_Task_. Give again, word for word, every line in the entries below from the line with "100% Fairtrade-zertifizierte Bio" up to and including the line with "Quilting American Flag", and no other line.

_Task material_.
- - - - - - -

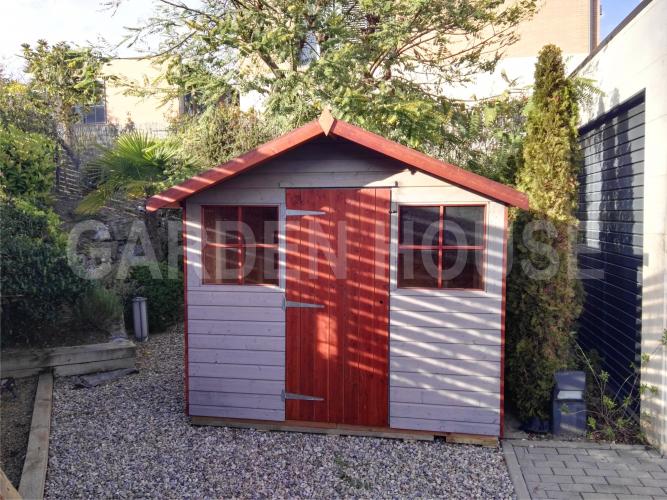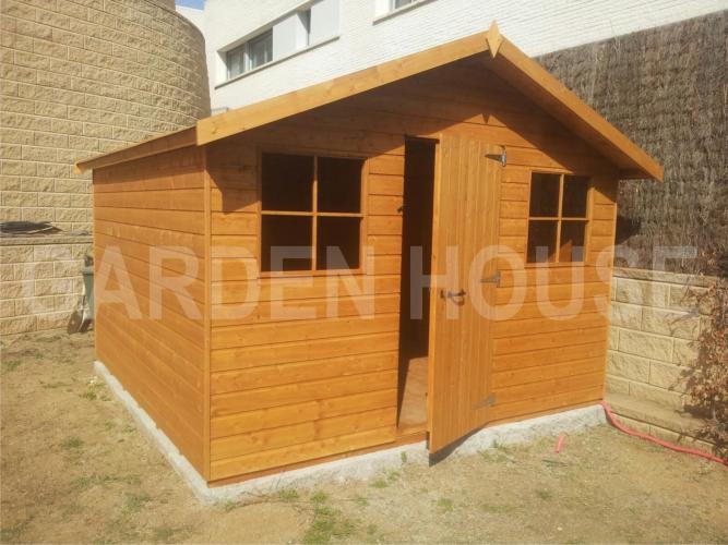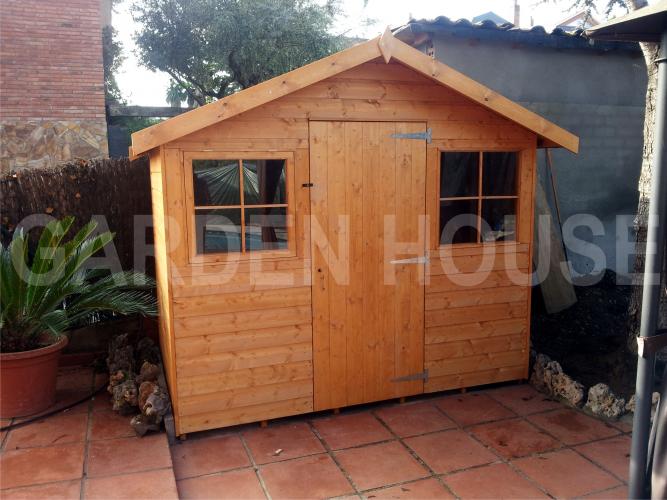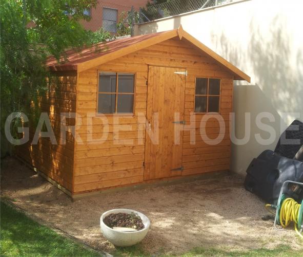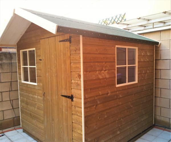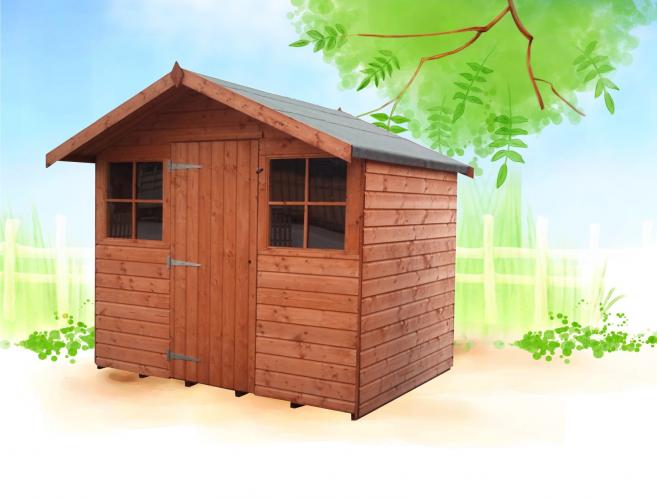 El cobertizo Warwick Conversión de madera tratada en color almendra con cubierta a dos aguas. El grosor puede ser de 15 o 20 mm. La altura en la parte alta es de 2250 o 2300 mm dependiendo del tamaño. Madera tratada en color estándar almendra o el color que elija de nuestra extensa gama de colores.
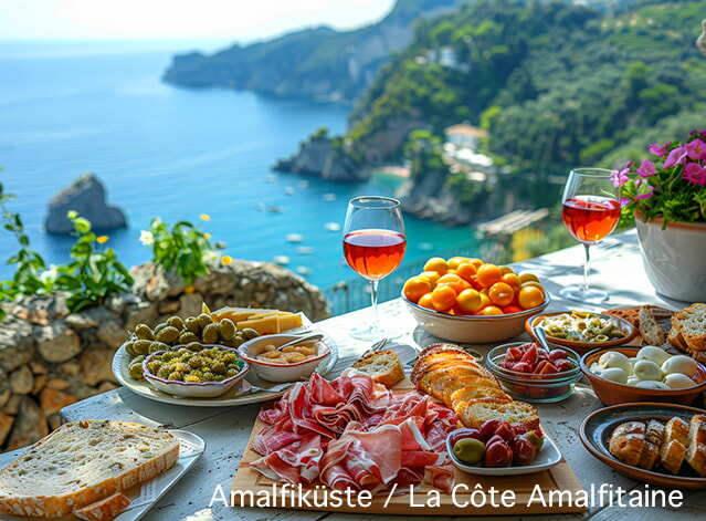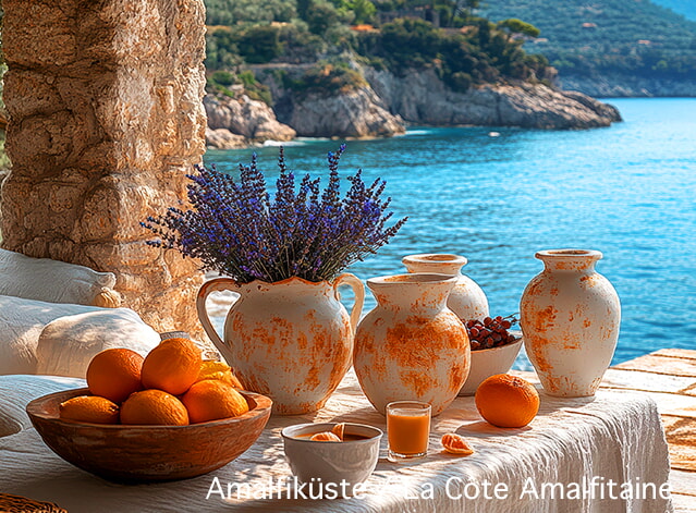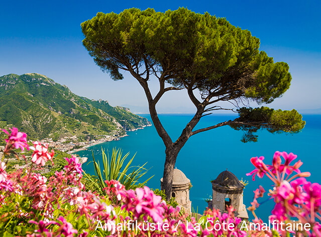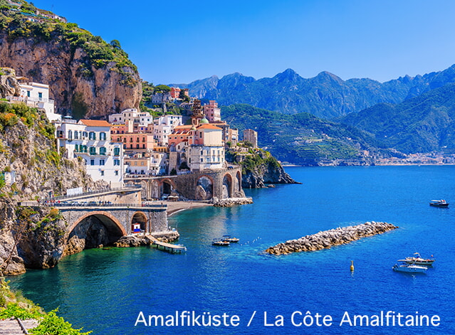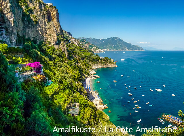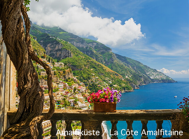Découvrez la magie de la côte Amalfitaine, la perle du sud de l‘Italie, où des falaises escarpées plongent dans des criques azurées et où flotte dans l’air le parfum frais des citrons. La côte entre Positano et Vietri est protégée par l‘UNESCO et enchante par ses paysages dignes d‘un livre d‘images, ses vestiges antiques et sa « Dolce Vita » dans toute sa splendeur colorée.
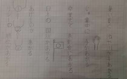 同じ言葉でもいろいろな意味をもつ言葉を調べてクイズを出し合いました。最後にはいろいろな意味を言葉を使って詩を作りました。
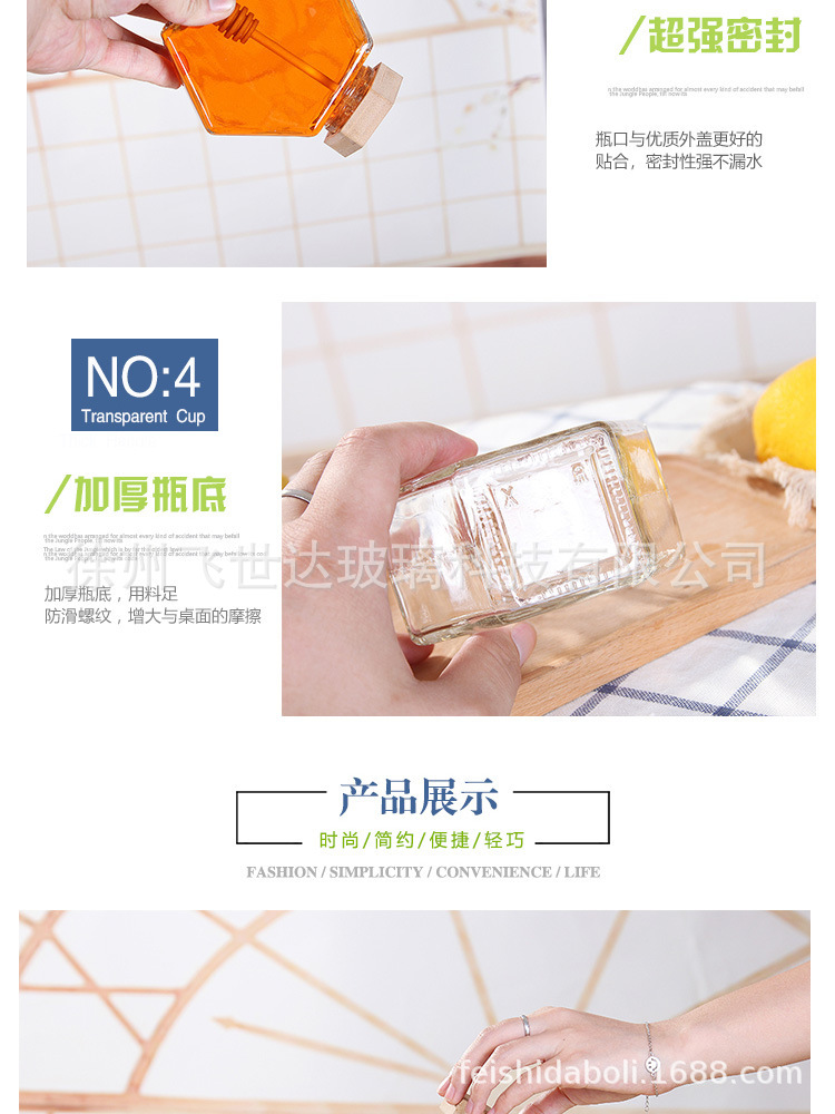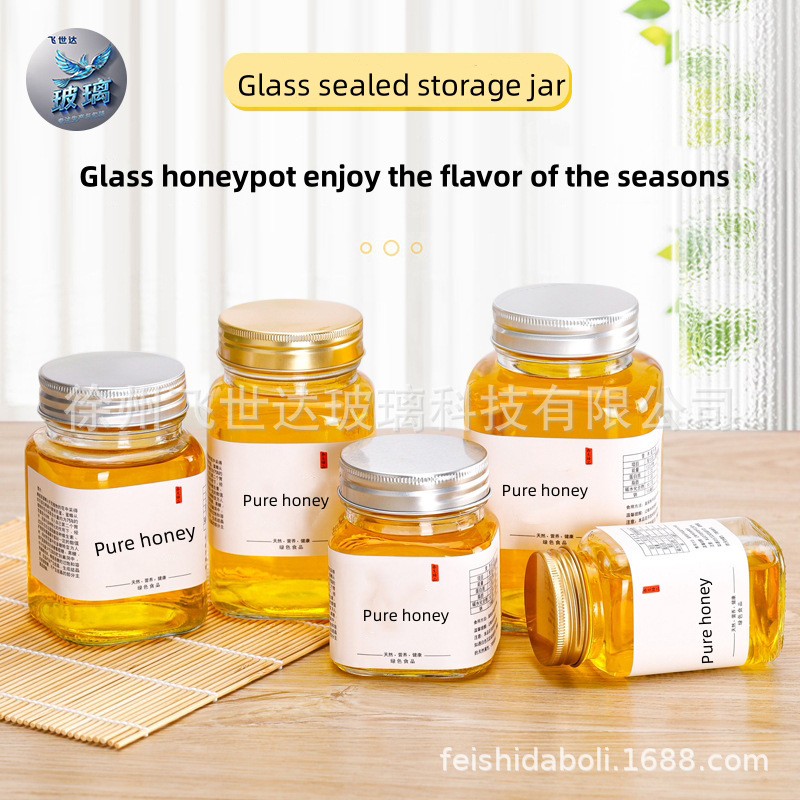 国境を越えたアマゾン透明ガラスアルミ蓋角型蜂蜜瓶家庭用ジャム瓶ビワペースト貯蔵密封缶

- - - - - - -

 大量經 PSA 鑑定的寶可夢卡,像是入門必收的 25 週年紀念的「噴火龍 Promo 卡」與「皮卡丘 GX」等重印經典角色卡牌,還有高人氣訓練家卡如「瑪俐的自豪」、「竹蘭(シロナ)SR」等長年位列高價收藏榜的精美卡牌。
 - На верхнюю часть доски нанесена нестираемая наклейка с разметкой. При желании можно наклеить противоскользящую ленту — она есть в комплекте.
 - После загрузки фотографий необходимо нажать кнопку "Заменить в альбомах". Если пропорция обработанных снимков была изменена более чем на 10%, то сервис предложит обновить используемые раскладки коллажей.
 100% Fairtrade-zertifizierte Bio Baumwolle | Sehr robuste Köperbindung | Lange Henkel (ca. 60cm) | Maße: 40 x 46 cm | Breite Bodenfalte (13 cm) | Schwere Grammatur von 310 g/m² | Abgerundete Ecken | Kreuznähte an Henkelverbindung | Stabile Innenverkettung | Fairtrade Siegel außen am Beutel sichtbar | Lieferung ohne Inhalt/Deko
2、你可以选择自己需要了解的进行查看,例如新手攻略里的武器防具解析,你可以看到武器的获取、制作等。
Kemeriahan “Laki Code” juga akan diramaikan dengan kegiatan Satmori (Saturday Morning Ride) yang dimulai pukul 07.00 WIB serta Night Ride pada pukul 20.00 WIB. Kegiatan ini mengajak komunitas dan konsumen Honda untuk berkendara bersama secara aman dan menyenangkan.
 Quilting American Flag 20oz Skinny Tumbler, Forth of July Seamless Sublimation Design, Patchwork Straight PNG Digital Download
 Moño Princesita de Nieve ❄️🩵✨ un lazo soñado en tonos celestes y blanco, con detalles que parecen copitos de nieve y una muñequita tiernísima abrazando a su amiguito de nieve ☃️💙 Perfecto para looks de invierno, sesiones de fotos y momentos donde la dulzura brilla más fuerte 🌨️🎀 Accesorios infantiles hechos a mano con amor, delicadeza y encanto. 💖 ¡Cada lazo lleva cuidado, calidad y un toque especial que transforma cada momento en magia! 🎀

- - - - - - -

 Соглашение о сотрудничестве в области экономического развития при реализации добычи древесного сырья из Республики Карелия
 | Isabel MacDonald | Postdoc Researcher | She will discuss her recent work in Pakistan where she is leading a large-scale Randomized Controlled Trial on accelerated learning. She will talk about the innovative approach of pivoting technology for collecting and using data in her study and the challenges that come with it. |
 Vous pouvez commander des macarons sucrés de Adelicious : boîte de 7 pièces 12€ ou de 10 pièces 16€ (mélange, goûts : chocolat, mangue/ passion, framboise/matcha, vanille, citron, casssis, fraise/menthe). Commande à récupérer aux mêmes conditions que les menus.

- - - - - - -

_Written answer_.
 100% Fairtrade-zertifizierte Bio Baumwolle | Sehr robuste Köperbindung | Lange Henkel (ca. 60cm) | Maße: 40 x 46 cm | Breite Bodenfalte (13 cm) | Schwere Grammatur von 310 g/m² | Abgerundete Ecken | Kreuznähte an Henkelverbindung | Stabile Innenverkettung | Fairtrade Siegel außen am Beutel sichtbar | Lieferung ohne Inhalt/Deko
2、你可以选择自己需要了解的进行查看,例如新手攻略里的武器防具解析,你可以看到武器的获取、制作等。
Kemeriahan “Laki Code” juga akan diramaikan dengan kegiatan Satmori (Saturday Morning Ride) yang dimulai pukul 07.00 WIB serta Night Ride pada pukul 20.00 WIB. Kegiatan ini mengajak komunitas dan konsumen Honda untuk berkendara bersama secara aman dan menyenangkan.
 Quilting American Flag 20oz Skinny Tumbler, Forth of July Seamless Sublimation Design, Patchwork Straight PNG Digital Download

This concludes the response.